The tutorial demonstrates this using the PageIndex library and a hosted chat interface (chat.pageindex.ai). A sample PDF is uploaded, the tree index is built asynchronously (roughly 30–90 seconds for a ~50-page document), and the resulting tree is inspected as JSON with node IDs, titles, page ranges, and node summaries. In the example query—“What is the syllabus covered in modern LLM fine-tuning?”—the LLM tree search identifies the relevant node IDs (such as nodes corresponding to the fine-tuning sections), extracts the associated content, and then generates an answer with citations formatted as section title and page number.
Finally, the walkthrough provides end-to-end Python-style steps: load environment variables (PageIndex API key and OpenAI API key), upload the PDF, poll for tree readiness, fetch the tree structure, run an LLM tree search that selects nodes via a prompt, and generate the final answer using only the retrieved context. The practical takeaway is a lower setup burden—no vector database, no embedding pipeline—at the cost of relying on structured indexing and LLM reasoning over the document hierarchy.
Cornell Notes
Vectorless RAG builds a navigable document structure instead of embeddings. PageIndex turns a PDF into an LLM tree, where each node represents a section (with node IDs, titles, page ranges, and LLM-generated summaries) stored as a JSON tree index. At question time, an LLM receives the JSON tree index, reasons over it to select the most relevant nodes, extracts the corresponding section content, and generates an answer with citations (section title and page number). If a TOC exists, structure comes from it; if not, the system detects TOC via headers or infers headings and structure by reading pages. This approach avoids vector databases and similarity search, relying on section-aware retrieval and hierarchical reasoning.
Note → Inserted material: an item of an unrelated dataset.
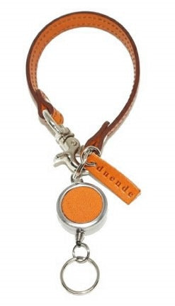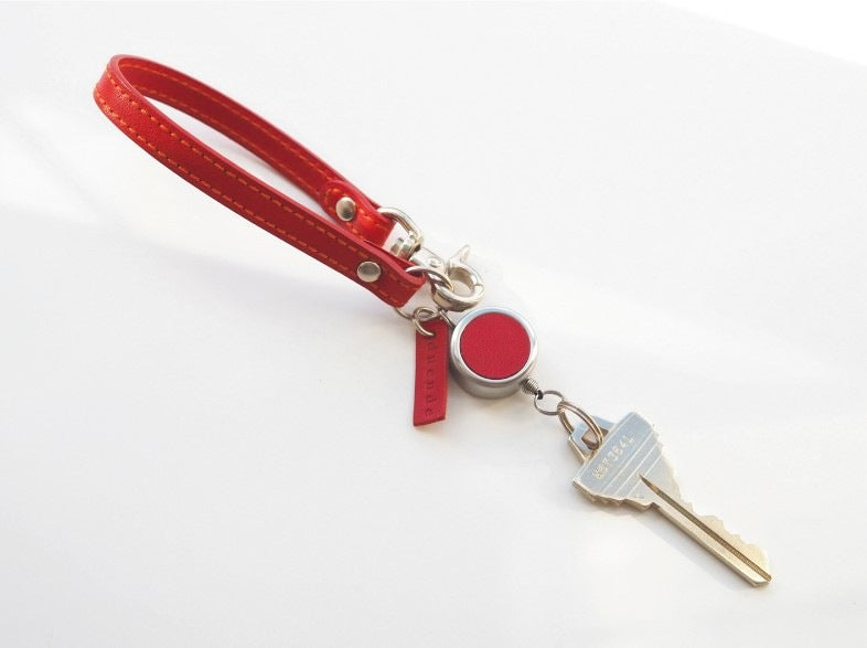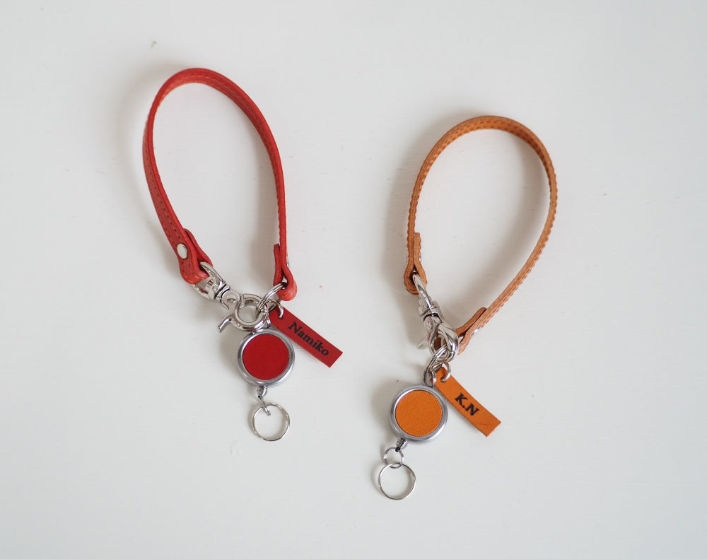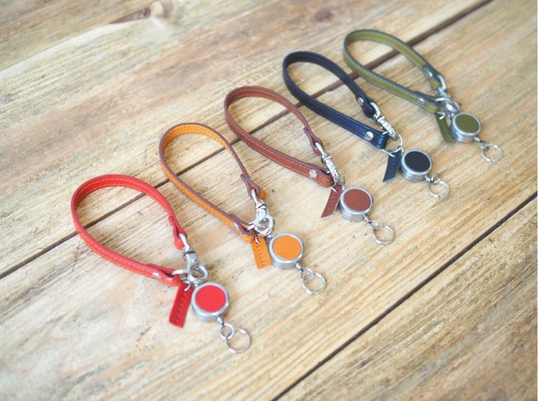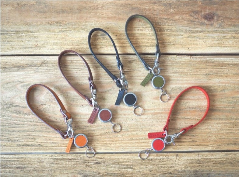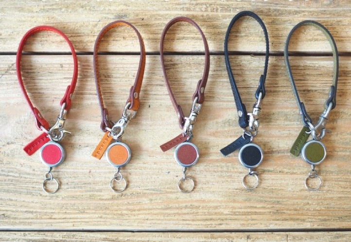 上質な栃木レザーを使用したストラップ付きリールキーホルダー。

How does vectorless RAG avoid the embedding + vector database pipeline used in traditional RAG?
What exactly is stored in the JSON tree index, and why does that help retrieval?
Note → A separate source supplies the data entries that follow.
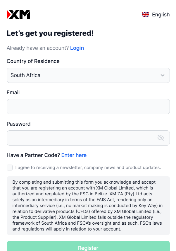 To register with XM, go to the XM Australia website and click on "Lets Get Started" or download the XM Mobile App & click on "Create an Account"
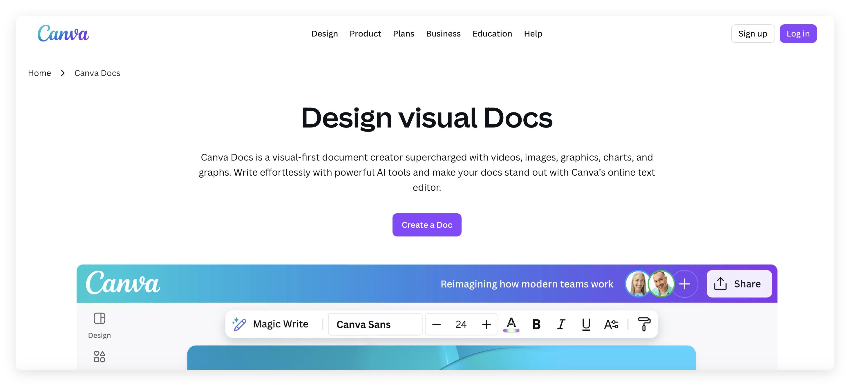 Canva Docs 是 Canva 推出的在线文档工具,结合了文档编辑与视觉设计。用户可在文档中无缝插入图形、图表与视频,适合需要强调品牌视觉与营销内容的团队。
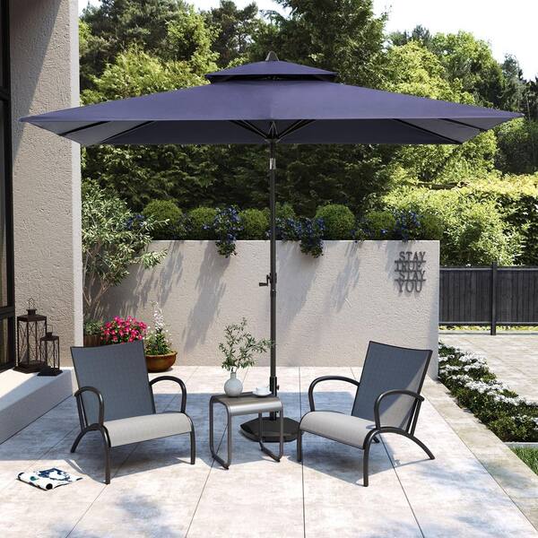 Double Top 10 ft. x 6.5 ft. Rectangular Aluminum Market Crank and Tilt Patio Umbrella in Navy Blue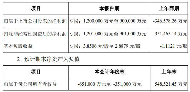 当日稍早,合力泰公告,预计2023年归属于上市公司股东的净亏损90亿元—120亿元,上年同期为亏损约34.66亿元。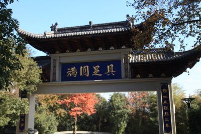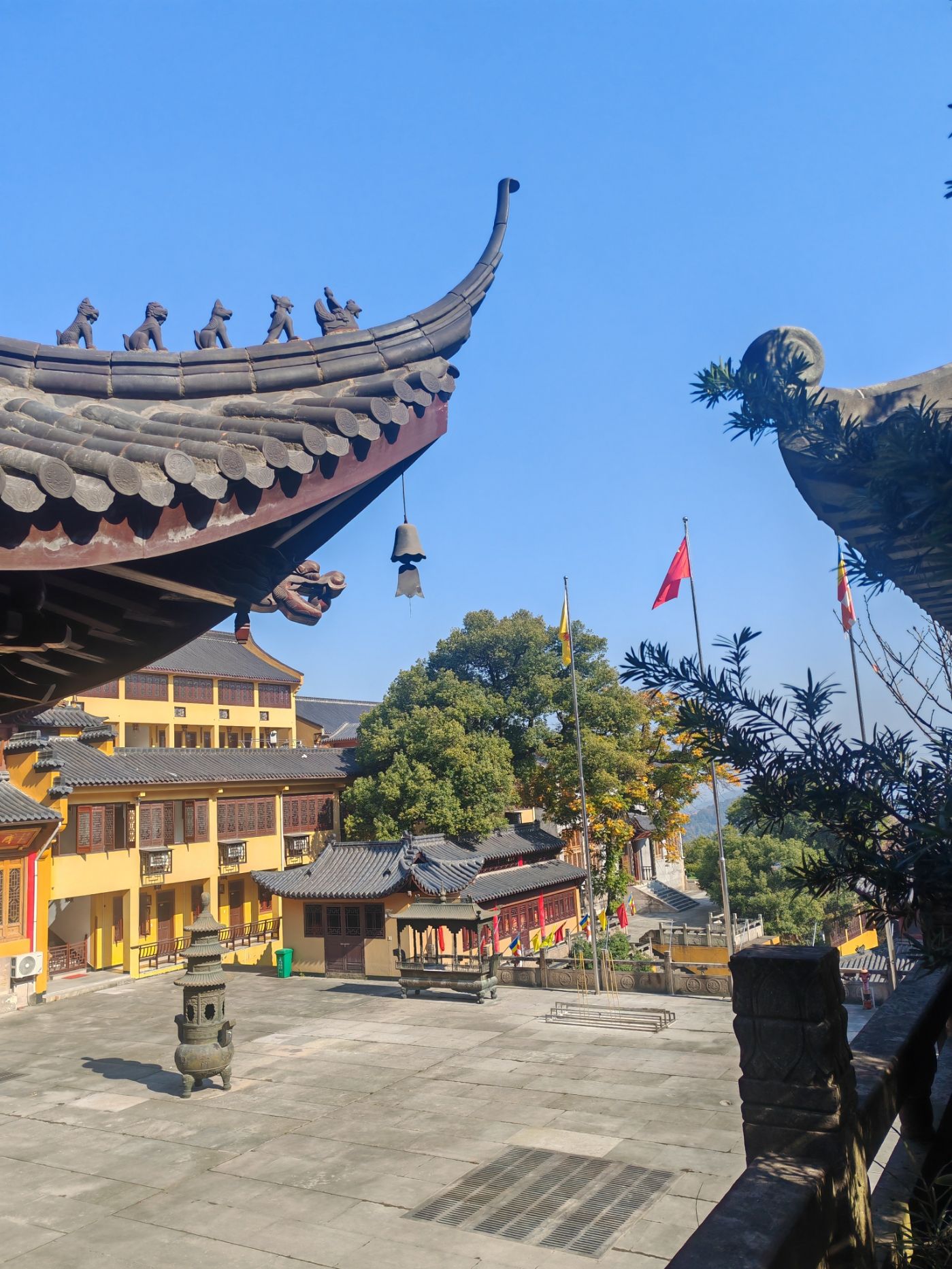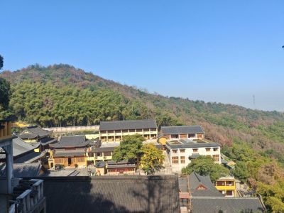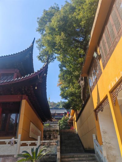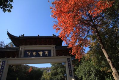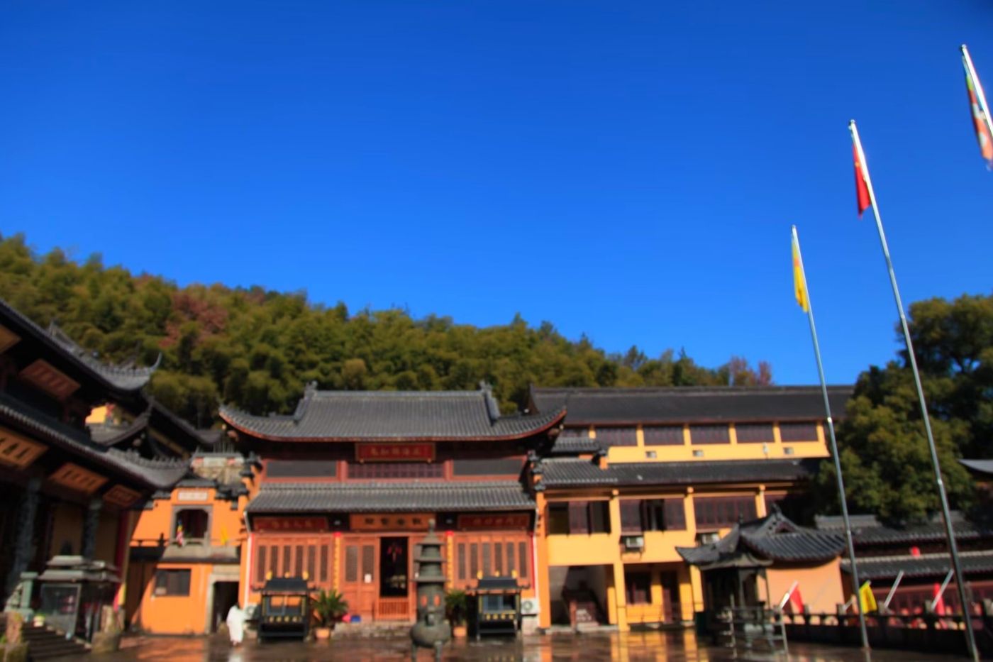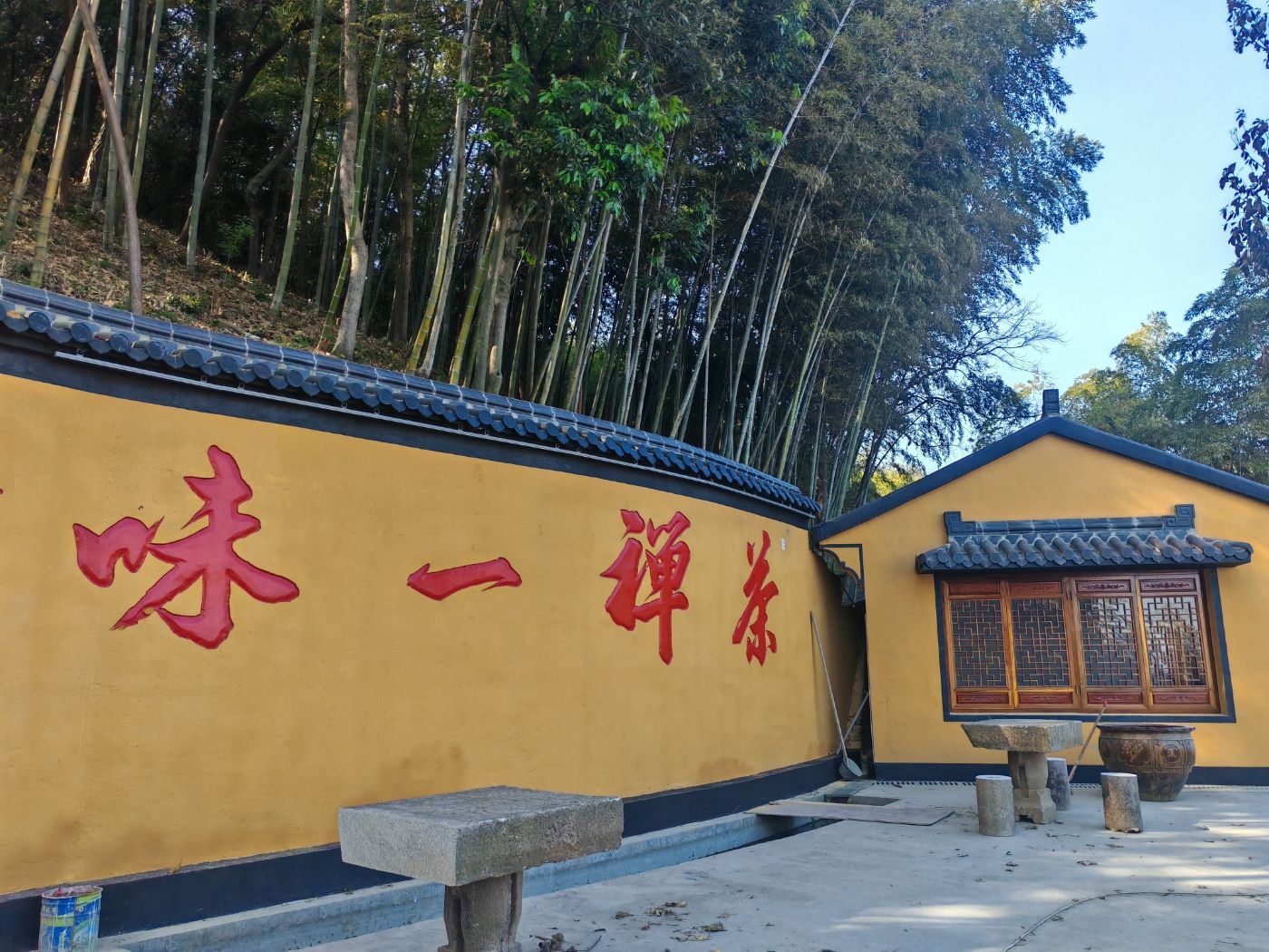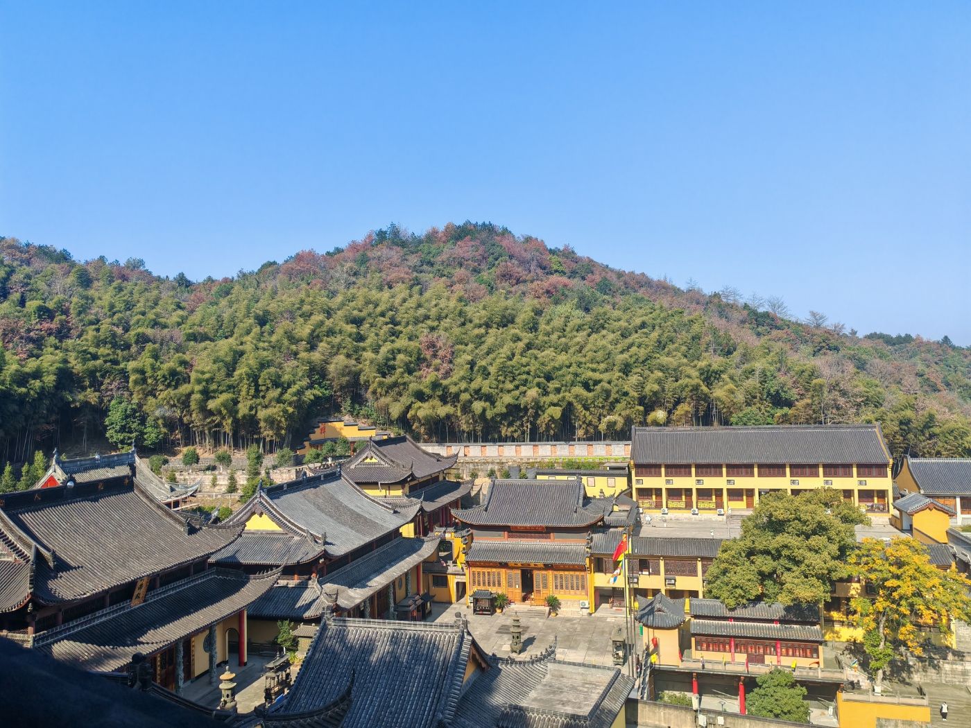 几年前上虞人觉藏法师驻锡该寺,主持扩建该寺,更显宏大庄严,又不失幽静典雅。总体殿宇层叠向上,三面山峦竹林环抱,一面远望山阴城区。主殿是卧佛殿,里面安详的缅甸玉卧佛长9.15米,重达40吨,是大世界基尼斯记录之最,该寺成为名副其实的玉佛道场。整体庙宇群的最高处在环山腰修建了修行步道,游人可以游览观赏寺庙建筑全景,还可以远望山外柯桥城区。修行人则可以隐居禅修,左侧有茶禅一味,右侧有闭关静座,环绕背后有竹林,前面有菜园,清幽雅致。有【朝玉阶】一曲写得好:

How does the system handle PDFs that lack a table of contents (TOC)?
What does “LLM tree search” do during retrieval?
How are citations produced in the vectorless RAG workflow?
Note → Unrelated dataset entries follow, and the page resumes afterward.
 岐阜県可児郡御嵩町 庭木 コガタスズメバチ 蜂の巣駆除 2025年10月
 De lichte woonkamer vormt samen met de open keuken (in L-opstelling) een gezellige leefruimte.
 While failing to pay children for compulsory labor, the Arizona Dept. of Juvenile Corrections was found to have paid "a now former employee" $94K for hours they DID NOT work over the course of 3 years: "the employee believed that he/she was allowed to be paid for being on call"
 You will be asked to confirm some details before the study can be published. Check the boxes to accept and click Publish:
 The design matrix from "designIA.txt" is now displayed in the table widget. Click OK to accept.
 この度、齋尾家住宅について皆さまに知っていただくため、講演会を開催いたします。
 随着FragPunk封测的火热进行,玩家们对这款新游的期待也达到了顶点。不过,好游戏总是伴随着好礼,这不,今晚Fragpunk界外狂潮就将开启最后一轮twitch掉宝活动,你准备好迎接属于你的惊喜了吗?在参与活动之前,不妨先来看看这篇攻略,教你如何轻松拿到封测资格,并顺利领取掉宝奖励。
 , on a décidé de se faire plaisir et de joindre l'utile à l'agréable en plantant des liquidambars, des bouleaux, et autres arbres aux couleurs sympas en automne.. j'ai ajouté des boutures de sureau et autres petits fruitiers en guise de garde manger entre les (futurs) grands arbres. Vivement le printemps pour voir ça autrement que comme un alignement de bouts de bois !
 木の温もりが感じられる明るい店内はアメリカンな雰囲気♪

What are the practical steps shown for building and querying a vectorless index?
Review Questions
- In traditional vector RAG, which two embedding steps occur (and what do they enable)?
- When a PDF has no TOC, what mechanisms does the system use to infer document structure before building the JSON tree index?
- During LLM tree search, what triggers the retrieval loop to select additional nodes?
Key Points
- 1
Vectorless RAG eliminates embeddings and vector databases by building an LLM tree and a JSON tree index from the PDF’s section hierarchy.
- 2
PageIndex generates node-level summaries for each logical section so the LLM can reason over structure and select relevant nodes at query time.
- 3
Retrieval becomes section-aware: it uses headings/TOC-derived structure (or inferred structure) rather than token-count chunking.
- 4
LLM tree search selects node IDs, extracts section content from those nodes, and can iterate if the extracted context is insufficient.
- 5
The final answer is generated using only retrieved context and includes citations tied to section titles and page numbers.
- 6
The end-to-end workflow includes uploading a PDF, waiting for asynchronous tree indexing, inspecting the JSON tree, then running LLM tree search and answer generation.